Follicle-stimulating hormone orchestrates glucose-stimulated insulin secretion of pancreatic islets

Abstract

Follicle-stimulating hormone (FSH) is involved in mammalian reproduction via binding to FSH receptor (FSHR). However, several studies have found that FSH and FSHR play important roles in extragonadal tissue. Here, we identified the expression of FSHR in human and mouse pancreatic islet β-cells. Blocking FSH signaling by Fshr knock-out led to impaired glucose tolerance owing to decreased insulin secretion, while high FSH levels caused insufficient insulin secretion as well. In vitro, we found that FSH orchestrated glucose-stimulated insulin secretion (GSIS) in a bell curve manner. Mechanistically, FSH primarily activates Gαs via FSHR, promoting the cAMP/protein kinase A (PKA) and calcium pathways to stimulate GSIS, whereas high FSH levels could activate Gαi to inhibit the cAMP/PKA pathway and the amplified effect on GSIS. Our results reveal the role of FSH in regulating pancreatic islet insulin secretion and provide avenues for future clinical investigation and therapeutic strategies for postmenopausal diabetes.
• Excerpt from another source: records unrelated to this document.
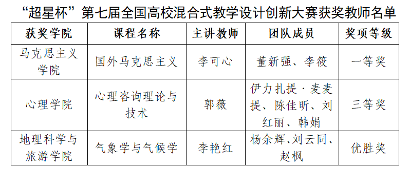 近日,“超星杯”第七届全国高校混合式教学设计创新大赛圆满收官。在此次大赛中,代表学校参赛的三支教师团队凭借其先进的混合式教学理念、精妙的教学设计和显著的教学成效,在激烈的全国竞争中脱颖而出,斩获3项荣誉,其中一等奖1项、三等奖1项、优胜奖1项,充分彰显了学校在混合式教学改革领域的显著成效。
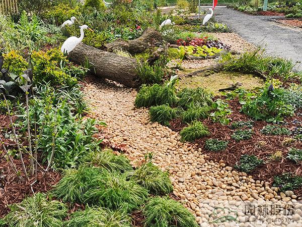 “澤·頌”花境景觀選取了濕地中三種類型,分別以木本花境、觀賞草混搭宿根植物、枯木苔蘚三種植物景觀模式,模擬自然濕地的灌叢、草甸、蘚類三種不同類別濕地景觀,通過(guò)豐富的花境植物材料及水鳥(niǎo)造型、枯木等的應(yīng)用,表現(xiàn)近幾年來(lái)建設(shè)新時(shí)代美麗杭州、打造“濕地水城”、提升生態(tài)人文景觀建設(shè)過(guò)程中取得的成果。
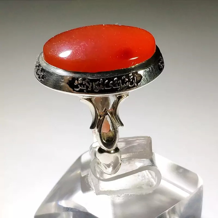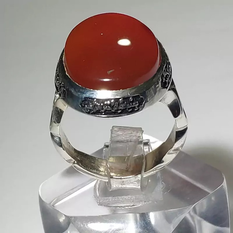 انگشتر عقیق یمنی سرخ اعلا و اصیل با رکاب حکاکی شده سوره مبارکه کوثر

Fig. 1. FSHR expression in human and mouse pancreatic β-cells and MIN6 cells.

a, b The mRNA expression of FSHR in human female granulosa cells and pancreas (a), female mouse ovarian tissue and pancreatic islets, and MIN6 cells (b). GAPDH served as a loading control. c, d Protein expression of FSHR in human female granulosa cells and pancreas (c), female mouse ovarian tissues and pancreatic islets, and MIN6 cells (d). β-Actin served as a loading control. The ovary and pancreatic islets from Fshr^−/− (KO) mice as negative controls. GC, granulosa cells; Pan, pancreas. e Localization of FSHR in the human female pancreas. Scale bars, 500 µm (main images), 100 µm (magnified images). f Localization of FSHR (red) in the human female pancreas, mouse pancreatic islets single cells, and MIN6 cells. Insulin (green) was the marker of pancreatic β-cells. Nuclei (blue) were stained with DAPI. Scale bars, 100 µm (human pancreas), 20 µm (mouse islet cells, MIN6 cells, and NC). The experiments in (a–f) were performed twice independently. Source data are provided as a Source data file.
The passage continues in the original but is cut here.